I remember MatLab from my days, using structured arrays in which you could store different data as an attribute of the main structure. Something like:
a = {} aA = magic(10) aB = magic(50); etc.
where aA and aB are completely separate from each other, allowing you to store different types inside a and work with them as desired. Pandas allows us to do something similar, but not quite the same.
I use Pandas and want to store the attributes of the framework without actually putting it in the data framework. This can be done with:
import pandas as pd a = pd.DataFrame(data=pd.np.random.randint(0,100,(10,5)),columns=list('ABCED')
Now the local time zone is stored in a, but I can not save this attribute when I save the dataframe (i.e., after reloading a, there is no a.local_tz). Is there a way to keep these attributes?
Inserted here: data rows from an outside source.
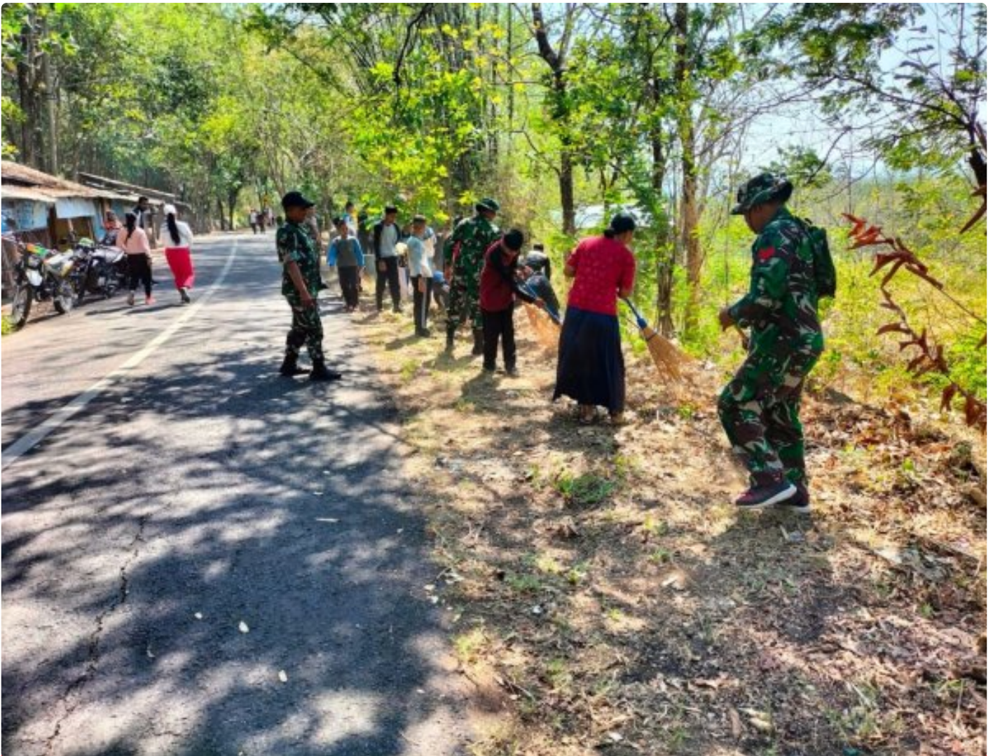
Jajaran Brigif 16 WY Bersama Warga Bersihkan Jalan dan saluran irigasi

KEDIRI - Brigif 16/Wira Yudha Kediri menggelar program Karya Bakti TNI Satnon Kowil semester II TA 2024, dengan sasaran pembersihan jalan dan irigasi (selokan). Karya Bakti juga sekaligus melakukan penyuluhan tentang Wawasan Kebangsaan yang bertempat di Kelurahan Sukorame, Mojojoto, Kota Kediri, pada Rabu (16/10/2024).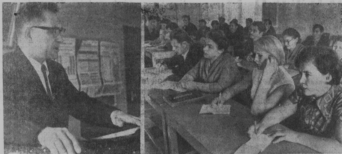
Дагестанская АССР. Организовано началась учеба в системе политического просвещения на Махачкалинском заводе текстильного стекловолокна. Кроме различных кружков и семинаров, здесь работает филиал вечернего университета марксизма-ленинизма. На первом занятии выступил доктор экономических наук старший научный сотрудник института экономики мировой социалистической системы Академии наук СССР К. Попов. На снимке: К. Попов выступает перед слушателями вечернего университета на заводе.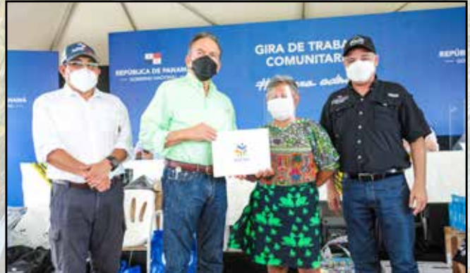
Moradores recibieron certificados de fin de cursos de modistería y confección de artesanías autóctonas.

I am currently just creating new columns in a data framework to store information such as time zone, latitude, length, etc., but this seems a bit empty. Also, when I do data analysis, I run into problems of excluding these other columns.
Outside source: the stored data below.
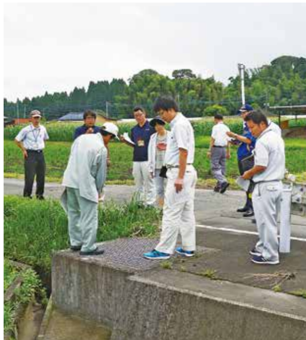
各関係機関が合同で危険箇所を点検

8月2日、市教育委員会では、子どもたちの通学の安全を確保するため、各小学校区で「通学路危険箇所合同点検」を実施しました。各学校では、子どもたちに登下校時の安全指導を行っていますが、ハード面の整備は各関係機関の協力が必要です。この点検は、各関係機関と合同で行うことで、危険箇所の情報を共有し、改善するために実施したものです。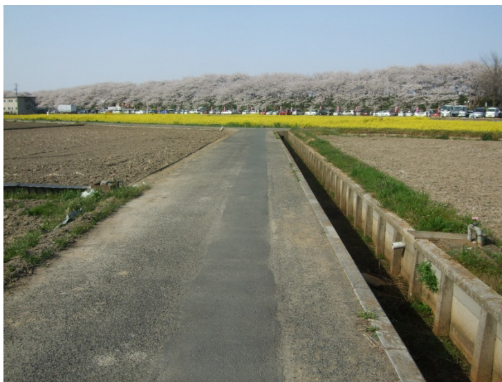
図-8 幸手市権現堂堤の桜

ちょっと観光のことに触れさせていただくんですけども、菜の花と桜のコントラストが綺麗な桜まつり（図-8）。これは毎年春に開催されてまして、2週間くらいで約70万人のお客さんに来ていただいております。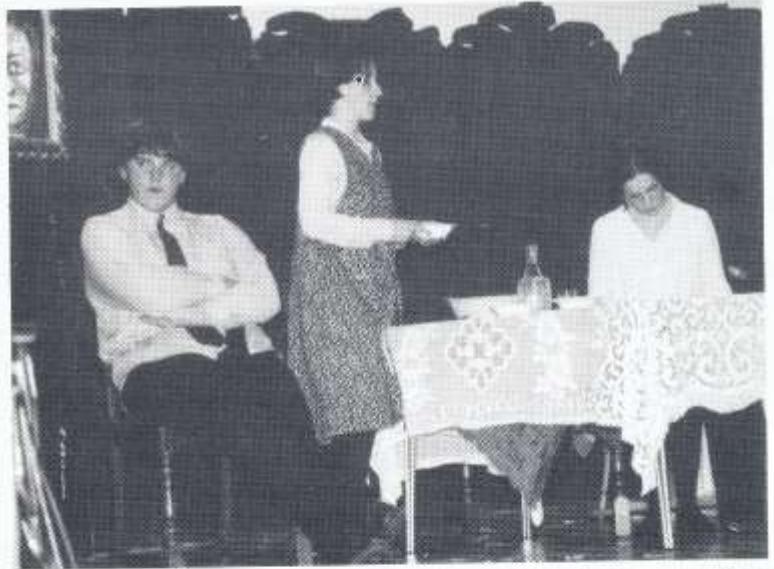
Pethau Brau Ysgol Gwynllyw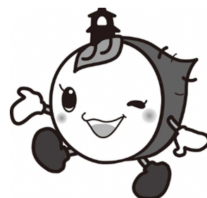
川越市マスコットキャラクター

採用試験の費用には市民の皆さまの貴重な税金が使われております。 試験を申し込まれる方は 必ず受験されるよう お願いいたします。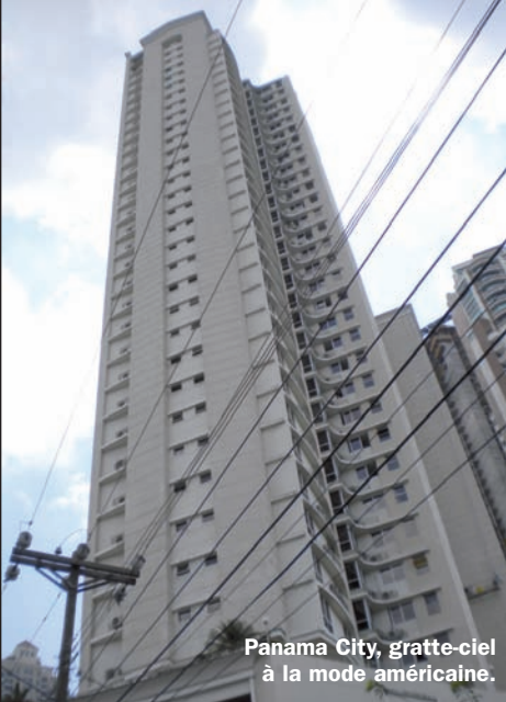
Panama City, gratte-ciel à la mode américaine.

de descendre un instant sur la plateforme ouverte pour profiter du spectacle cheveux au vent et photographier les navires au passage.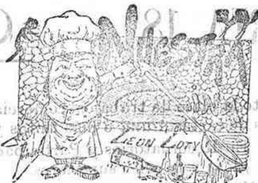
Comidas para el 28 de Diciembre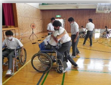
出前授業の様子(福祉)

入試説明会では、パネルディスカッション形式で県立飯能高校・自由の森学園高校・聖望学園高校・大川学園高校・わせがく夢育高校の先生方による説明が行われ、公立と私立の入試の違いや費用の違いなど丁寧に解説していただきました。また、それぞれの高校の特色ある教育活動についての紹介もあり、直接高校の先生からの話を聞くことでより一層理解を深める事ができました。入試説明会については、この様子を2年生もオンラインで視聴し、上級学校への関心を高めることができました。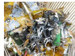
燃えたりチウムイオン電池(配電盤に付属)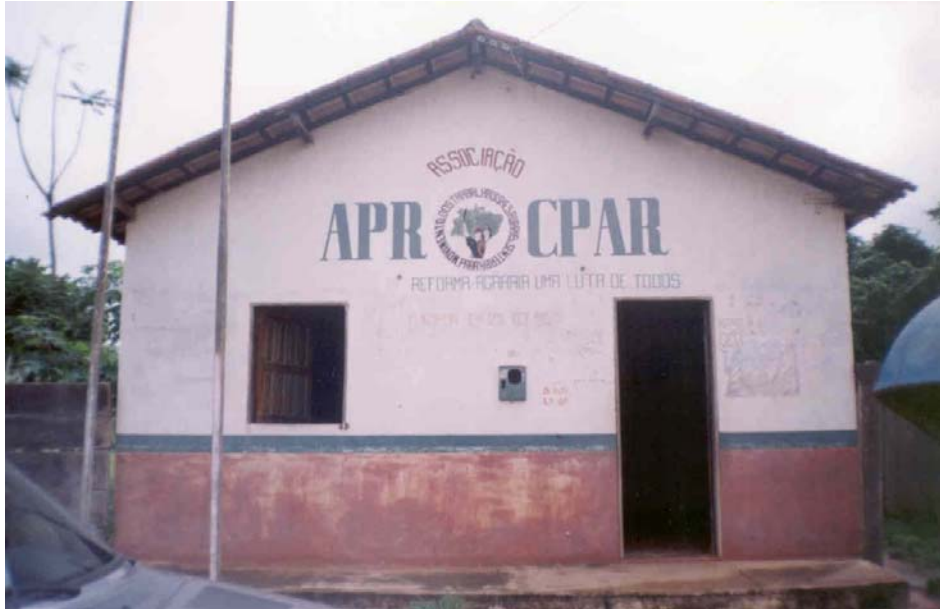
Figura 5 – Sede da Aprocpar

composta pelos seus membros diretores em conjunto com os coordenadores dos núcleos de família ou de produção do assentamento (APROCPAR, 2002).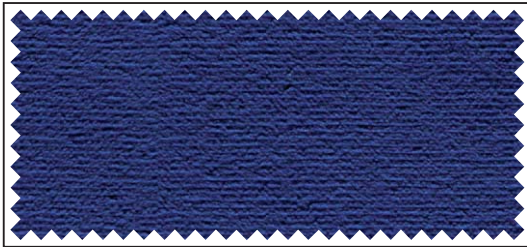
blau / bleu / blue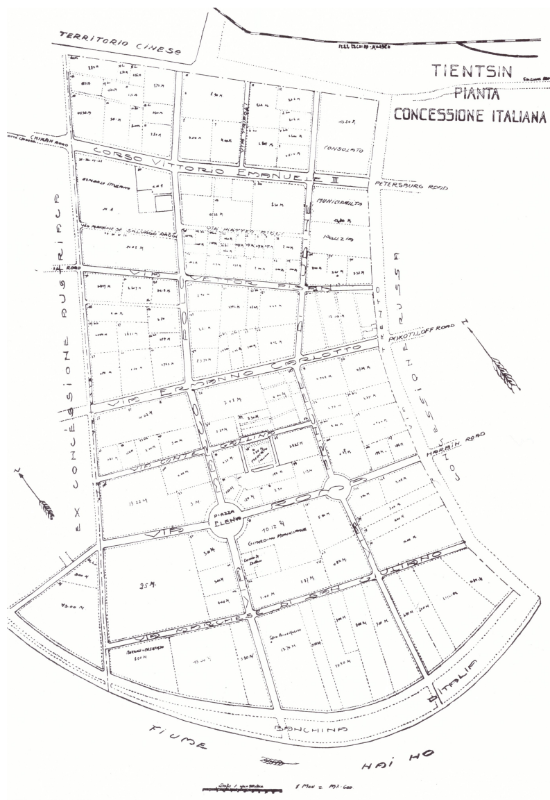
Figura 5. Carta catastale della concessione italiana di Tianjin, ora ultimata, edita in Fileti, 1921

di ciò il fatto che, nel 1930, la carta catastale del 1921 venisse ancora data come ufficiale (Quaglia, 2018b, p. 21, Fig. 5).

################### START IMAGE ###################
Using unutbu recommendations, I now store data in h5 format. As already mentioned, loading metadata as attributes of the framework is risky. However, since I am the creator of these files (and processing algorithms), I can choose what is stored as metadata and what is not. When processing the data that will go into h5 files, I want to save the metadata in a dictionary that is initialized as an attribute of my classes. I made a simple I / O class to import h5 data and made metadata attributes of the class. Now I can work with my data files without the risk of losing metadata.
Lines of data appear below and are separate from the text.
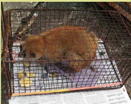
Cá thể culi này được Kiểm lâm huyện Cát Hải (thành phố Hải Phòng) tịch thu sau khi một khách du lịch thông báo đến đường dây nóng bảo vệ ĐVHD của ENV. Cá thể culi này sau đó đã được chuyển giao về Trung tâm Cứu hộ Linh trưởng Ngụy cấp ở VQG Cúc Phương.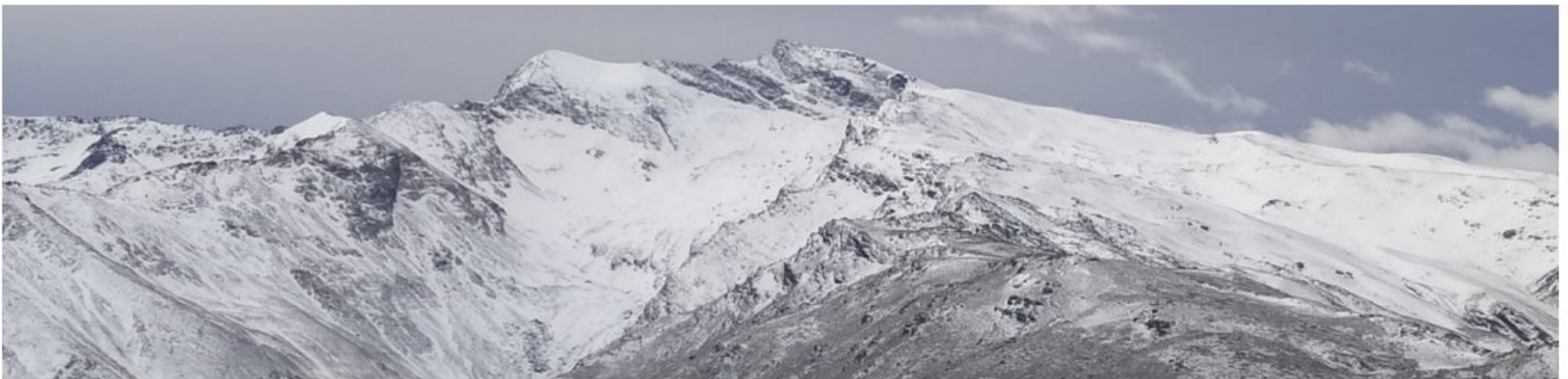
Veleta, vertiente norte 8-3-23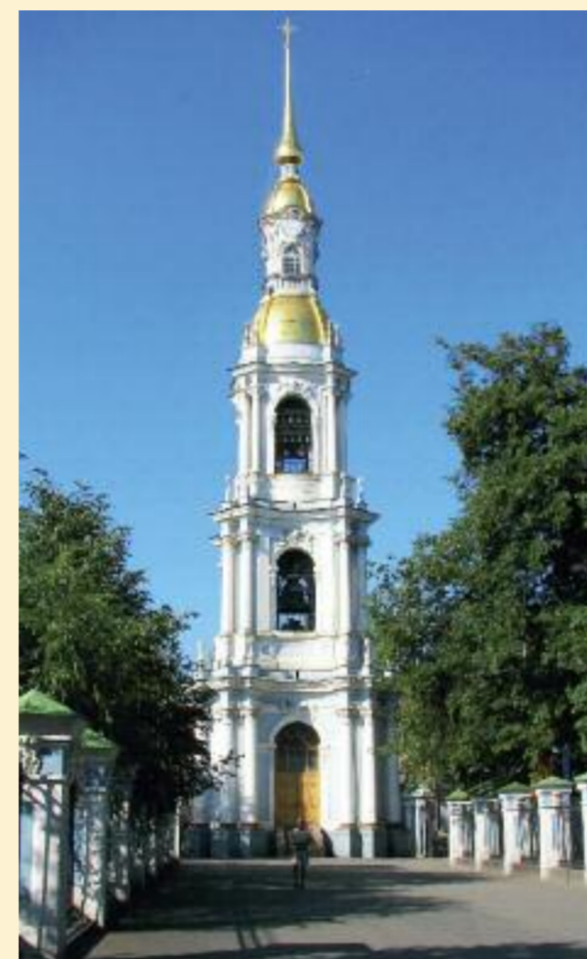
Glockenturm der St.-Nikolaus-Marine-Kathedrale.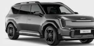
Pebble Grey Kleurcode: DFG

class IO(): def __init__(self): self.dtfrmt = 'dummy_str' def h5load(self,filename,update=False): '''h5load loads the stored HDF5 file. Both the dataframe (actual data) and the associated metadata are stored in the H5file NOTE: This does not load "any" H5 file, it loads H5 files specifically created to hold dataframe data and metadata. When multi-indexed dataframes are stored in the H5 format the date values (previously initialized with timezone information) lose their timezone localization. Therefore, <h5load> re-localizes the 'DATE' index as UTC. Parameters ---------- filename : string/path path and filename of H5 file to be loaded. H5 file must have been created using <h5store> below. udatedf : boolean True/False default: False If the selected dataframe is to be updated then it is imported slightly different. If update==True, the <metadata> attribute is returned as a dictionary and <data> is returned as a dataframe (ie, as a stand-alone dictionary with no attributes, and NOT an instance of the IO() class). Otherwise, if False, <metadata> is returned as an attribute of the class instance. Output ------ data : Pandas dataframe with attributes The dataframe contains only the data as collected by the instrument. Any metadata (eg timezone, scaling factor, basically anything that is constant throughout the file) is stored as an attribute (eg lat is stored as <data.lat>).''' with pd.HDFStore(filename,'r') as store: self.data = store['mydata'] self.metadata = store.get_storer('mydata').attrs.metadata
H5 files are then uploaded via data = IO (). h5load ('filename.h5') dataframe is stored in data.data I save the metadata dictionary in data.metadata and created separate metadata attributes (for example, data.lat created from data.metadata ['lat']).
My index timestamps are localized on pytz.utc (). However, when a multi-indexed data frame is stored in h5, the localization of the time zone is lost (using Pandas 15.2), so I fix this in IO (). H5load.